The Duke of Noailles wrote, “The number of Protestants in the district of Nîsmes is about a hundred and forty thousand. I believe, that, at the end of the month, none will be left.”

Deluded by these reports, Louis XIV., on the 18th of October, 1685, signed the Revocation of the Edict of Nantes. In the preamble to this fatal act, he said,—

“We see now, with the just acknowledgment we owe to God, that our measures have secured the end which we ourselves proposed, since the better and greater part of our subjects of the pretended reformed religion have embraced the Catholic faith; and the maintenance of the Edict of Nantes remains, therefore, superfluous.”

By this act it was declared that the Protestant worship should be nowhere tolerated in France. All Protestant pastors were ordered to leave the kingdom within fifteen days, under penalty of being sent to the galleys. Protestant pastors who would abjure their faith were promised a salary one-third more than they had previously enjoyed. Parents were forbiddento instruct their children in the Protestant religion. Every child born in the kingdom was to be baptized and educated by a Catholic priest. All Protestant Frenchmen, out of France, were ordered to return within four months, under penalty of confiscation of property. Any Protestant layman or woman who should attempt to leave France, was, if arrested, doomed to imprisonment for life.

Such were the infamous decrees enacted in France but two hundred years ago. The woes they caused can never be gauged: the calamities they entailed upon France have been awful. Hundreds of thousands, in defiance of poverty, the dungeon, and utter temporal ruin, adhered to their faith: thousands, haggard with want and despair, through all conceivable suffering, effected their escape.
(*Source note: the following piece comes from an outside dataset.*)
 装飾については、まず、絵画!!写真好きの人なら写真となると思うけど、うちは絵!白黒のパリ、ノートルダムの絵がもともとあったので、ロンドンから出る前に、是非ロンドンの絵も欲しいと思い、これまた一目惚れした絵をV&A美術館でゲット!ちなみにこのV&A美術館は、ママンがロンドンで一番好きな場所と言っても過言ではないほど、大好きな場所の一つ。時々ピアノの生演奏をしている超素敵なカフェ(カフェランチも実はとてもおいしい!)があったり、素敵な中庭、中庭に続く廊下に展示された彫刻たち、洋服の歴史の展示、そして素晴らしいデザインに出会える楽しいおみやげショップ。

At the time of the Revocation, the Protestant population of France was estimated at between two and three millions. Though the edict was enforced by the government with the utmost severity, many noble-hearted Catholics sympathized with the Protestants, befriended them in various ways, and aided them to escape. Though guards were placed upon every road leading to the frontiers, and thousands of fugitives were arrested, still thousands escaped. Some, in armed bands, fought their way with drawn swords; some obtained passports from kind-hearted Catholic governors; some bribed their guards; some travelled by night from hiding-place to hiding-place; some assumed the disguise of peddlers selling Catholic relics. It is estimated by Catholic writers that about two hundred and thirty thousand escaped. Antoine Court, one of the Protestant pastors, places the number as high as eight hundred thousand. M. Sismondi thinks that as many perished as escaped: he places the number of each at between three and four hundred thousand.
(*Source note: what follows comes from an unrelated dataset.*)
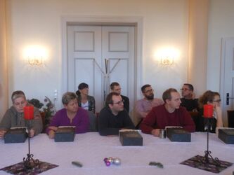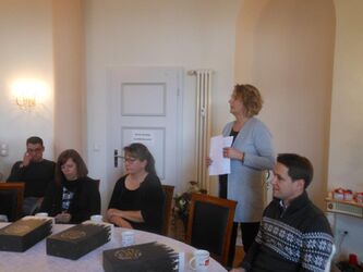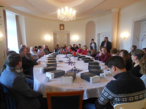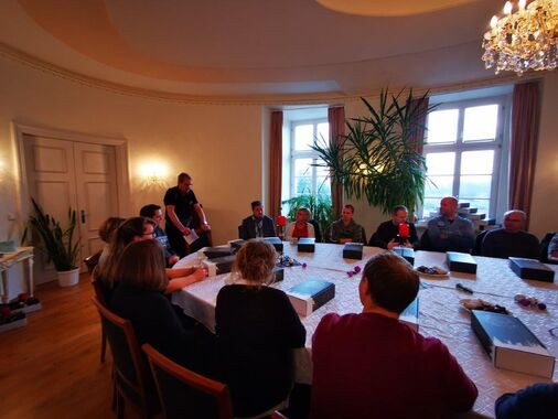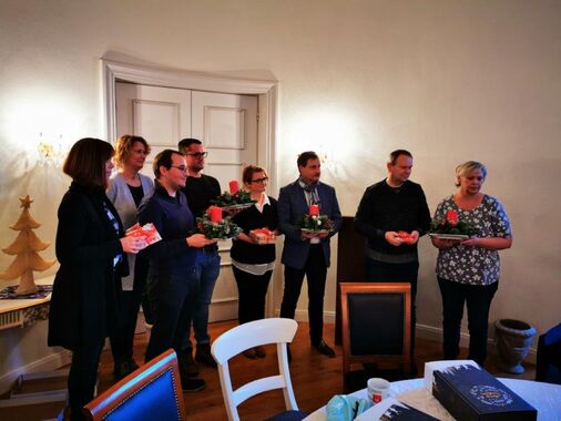 Um die Mittagszeit versammelten wir uns im "Eiersaal" des Gutshauses und stimmten uns bei Glühwein und weihnachtlichen Klängen auf die Feier ein. Die Geschäftsfürer Dr. Dieter Beck und Nikolas Loebenberger ließen in jeweils kurzen Ansprachen an die Belegschaft das Jahr 2019 Revue passieren und gaben Ausblicke auf die Ziele und Vorhaben für das neue Jahr 2020. Beide Chefs sprachen den Kollegen und Kolleginnen ihren Dank für den tatkräftigen Einsatz im ablaufenden Geschäftsjahr aus.

The suffering was awful. Multitudes perished of cold, hunger, and exhaustion. Thousands were shot by the soldiery. So many were arrested, that the prisons and galleys of France were crowded with victims. Among these were many men illustrious in rank and culture. The arrival of the fugitives,emaciate and woe-stricken, upon the soil of Protestant countries, created intense sensation. From every Protestant court in Europe a cry of indignation arose. England, Switzerland, Holland, Prussia, Denmark, Sweden, received the sufferers with warm demonstrations of hospitality and sympathy.

The loss to France was irreparable. Only one year after the Revocation, Marshal Vauban wrote,—

“France has lost a hundred thousand inhabitants, sixty millions of coined money, nine thousand sailors, twelve thousand disciplined soldiers, six hundred officers, and her most flourishing manufactures.”

The fanatic king, instead of being softened by these woes, became more unrelenting. He issued an ordinance requiring that all the children between five and sixteen years of age, of parents suspected of Protestantism, should be taken from their homes, and placed in Catholic families. All books which it was thought in any way favored the Protestant faith were seized and burned.“The Bible itself, the Bible above all, was confiscated and burned with persevering animosity.”[214]